И просто кивнула. Не знаю почему, но в моей груди что-то стеснилось, и какая-то искра пробежала по кончикам пальцев, в которых был зажат хлеб. Он отпустил мое запястье, а я вдруг поняла, что глаз не могу оторвать от того, как перекатываются желваки на его челюсти, когда он жует. Кивнув на брусок сыра, он сказал:
— Отгадай, что я из него сделаю?
Вынырнув из своего внезапного ступора, я переспросила, пожалуй, слишком резко:
— Что?
— Ну, ты же принесла белку…
И как только до меня дошло о чем это он, я захлопала в ладоши прямо как ребенок:
— Сырные булочки?
— Уговор дороже денег.
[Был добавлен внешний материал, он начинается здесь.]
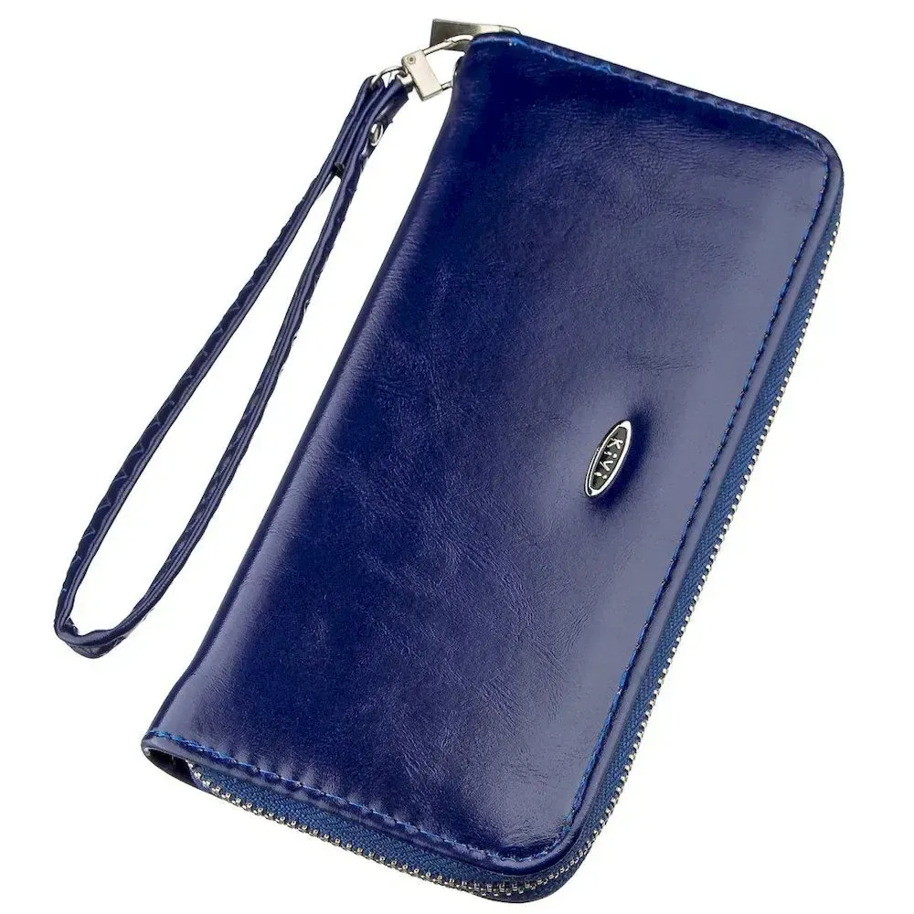 Кошелек женский на одну молнию из экокожи гладкий KIVI 19036 Синий

Хочешь мне помочь?
— Да! Ты его весь используешь? — спросила я застенчиво. Я была готова добавлять такой сыр буквально в любое блюдо.
Он с пониманием ответил:
— Оставлю кое-что тебе.
— Ладно, — мой жизненный опыт не позволял мне недооценивать значения еды, особенно такой хорошей.
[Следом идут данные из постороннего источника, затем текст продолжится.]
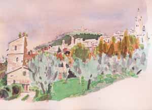 アッシジでは街全体を描きたくて、延々と歩きました。道で拾った段ボールを敷いて、風よけの為ゴミ箱の影に座り、岡田さん、魚谷(幸)さんと3人で描きました。 足は血まみれだし、風に吹かれて寒いし、こんな大変な思いをしてよくやるなと自分でも思いますが、やっぱりスケッチは良いです。

Пит приступил к делу, и я пыталась быть ему полезной, подавая ему то, что он просил. Но по большей части я просто путалась у него под ногами, пока он творил волшебство. Я тоже умела готовить — в первую очередь, тушить с овощами то, что добывала на охоте — еду для бедных, которую приходилось растягивать, заботясь более не о вкусе, а о питательности. Но глядя на то, как Пит создает будущее тесто, как планомерно смешивает в плошке муку и сахар и осторожно добавляет туда болтушку из теплой воды и дрожжей, я невольно чувствовала свою неполноценность. Поставив печь разогреваться, я стала резать сыр, позволяя солоноватой жидкости стекать по бороздкам на разделочной доске, и украдкой его пробуя, когда была уверена, что Пит не видит. Его широкие ладони усиленно работали, сильные пальцы разминали еще нежную и податливую массу. Меня увлекли движения его рук, когда он крутил образовавшее шар тесто, вытягивал его и снова сжимал, но не слишком сильно, чтобы не разорвать. Выпуклые мышцы на его предплечьях играли, когда он раз за разом спрессовывал тесто рукам, а оно раздавалось под его напором, когда он крутил его и снова разминал, пока не придал наконец нужную ему форму. Когда же он в итоге добился того, чтобы некогда отдельные, сухие и влажные ингредиенты превратились в пухлый гладкий шар, он его ущипнул, нежно переместил в большую миску и накрыл куском ткани, чтобы дать ему потомиться возле духовки. И выставил на кухонном таймере тридцать минут, чтобы тесто как следует поднялось.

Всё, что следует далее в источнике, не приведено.